But that couldn’t be further from the truth. Samurai Blue – especially their highly-paid coach, Valid Halilhodžić – are in the gun-sights of the locals. Lose against the Socceroos and charismatic Bosnian (who isn’t popular with his players) may not even take charge for the final match against Saudi Arabia.
There’s a feeling that the team has been lucky to top their group and the desired progress, which would see Japan advance towards the top echelon of world football, hasn’t happened.
There’s still a slew of big names in this Japanese squad, but there’s also questions about how many of them are either performing weekly at club level or how they under-perform when called up by the national team.
Amazingly, neither Shinji Kagawa or Keisuke Honda are expected to start by the local press, which shows just how far their respective stocks have fallen.

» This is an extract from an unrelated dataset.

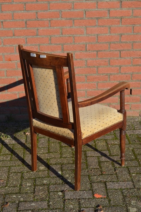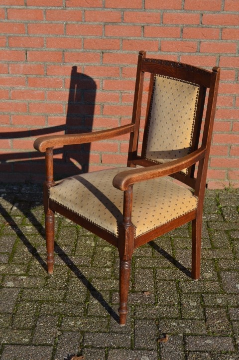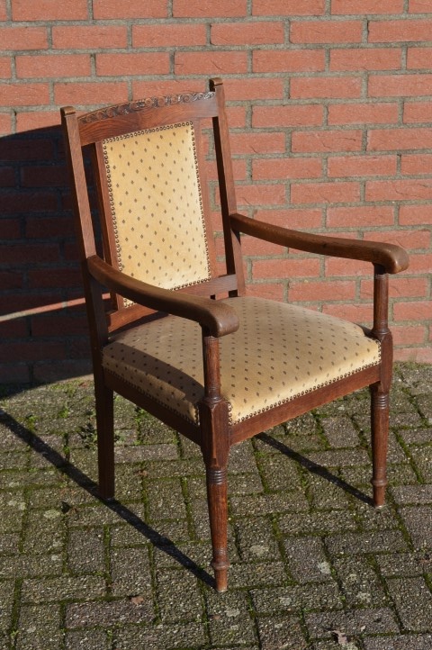 Heel mooie antieke Hollandse stoel met subtiele versieringen in het eikenhout. De zitting en rugleuning zijn bekleed met stof. Een armstoel voor bij de haard of op een plekje waar je heerlijk een uurtje rustig kan lezen of borduren.

But with all that in mind, it would be utterly foolish to write off Japan, a nation that regards itself as the kings of Asian football, and who still boasts some extraordinary talent. We take a look at the five players who could cause the Socceroos problems at Saitama Stadium tonight.
1. Shinji Okazaki
Club: Leicester City (England)
Position: Attacking midfield/forward
International Career: 109 caps, 50 goals
With the club career of Honda veering sideways and the sheen coming off one-time golden boy Kagawa, it’s the other icon of Japan’s attack who is now entrenched as the national hero – not least because of his deeds with Leicester City. But for the national side, Okazaki has delivered time and time again. His record of a goal almost every second game speaks for itself, even if he doesn’t play as a out-and-out striker like he once did. He’ll probably start on the left-hand side of attack – and that could be a problem for the Socceroos, who don’t have a natural right-back in the squad. After all these years, he’s still the go-to man and as dangerous as ever. No player on either side will work harder tonight.
2. Gaku Shibasaki
Club: Getafe (Spain)
Position: Central midfield
International Career: 11 caps, 3 goals
It takes a mighty player to burst his way into the Japanese midfield – and even better one to prove himself in Spain. But Shibasaki is exactly that, showing his class in the Spanish second division (where he spent six months at Tenerife) and earning a move to newly-promoted La Liga side Getafe. Along the way, he’s edged into being a fixture in the national team. Shibasaki is a beautifully balanced player who can pick a pass and has an eye for goal – he scored two for Kashima Antlers against Real Madrid in the Club World Cup final last year. He’s getting better and better every time he plays, meaning Tom Rogic and Aaron Mooy won’t have it all their own way, as you might expect from a player described as the “Japanese Andres Iniesta”.
3. Makoto Hasebe
Club: Eintracht Frankfurt (Germany)
Position: Defensive midfielder
International Career: 104 caps, 2 goals
If Shibasaki offers an exciting vision of the future, Hasebe is the wise old sage who keeps the team composed and balanced. He is calm, methodical and almost never misses a pass, whilst rarely letting an an attacking midfielder glide past him. The captain’s metronome-like presence is widely admired at club level, where fans of Eintracht Frankfurt regularly sing his praises and where he has remained a fixture in their rise from Bundesliga relegation-fodder to the brink of European football. He’s not much of an attacking threat (as his goal record for club and country shows) but that’s never been his job. In the heat of battle, there isn’t a better organiser in Asian football. Expect him to go to next year’s World Cup and then start to turn his attention towards a career in the dugout.
4. Maya Yoshida
Club: Southampton (England)
Position: Central defender
International Career: 75 caps, 10 goals
A towering presence in defence, one could easily plump for Inter Milan’s Yugo Nagatomo as the marquee presence of the back four. But it’s Yoshida who sets the defensive tone. He’s not the quickest nor the most mobile, but at 29, he’s learned the tricks of the world’s best strikers each week in the English Premier League. Lauded for his intelligence and composure under pressure, Yoshida has been a rock during his 75 games for the national team. You might read differently elsewhere, but Yoshida won’t be at all afraid by the prospect of Tomi Juric and Tim Cahill getting physical.
5. Keisuke Honda
Club: Pachuca (Mexico)
Position: Attacking midfielder
International Career: 90 caps, 36 goals
The Harry Kewell of Japanese football, Honda is a tantalising mix of brilliance and mystery, class and injury. He’s unlikely to start in this game, which says as much about his fall as it does about the rise in others. Having popped up in the unlikely port of Pachuca, in Mexico’s LigaMX, some will be wondering whether he’s still interested in playing at the top level or merely filling his pockets while he can. He at least scored on debut against Veracruz last week and while he’s considered unlikely to start here, it’s probable that the peroxided champion will come on at some point. Even if he departed AC Milan as something of an unfulfilled talent, he’s far too good to be discounted, especially on the big stage.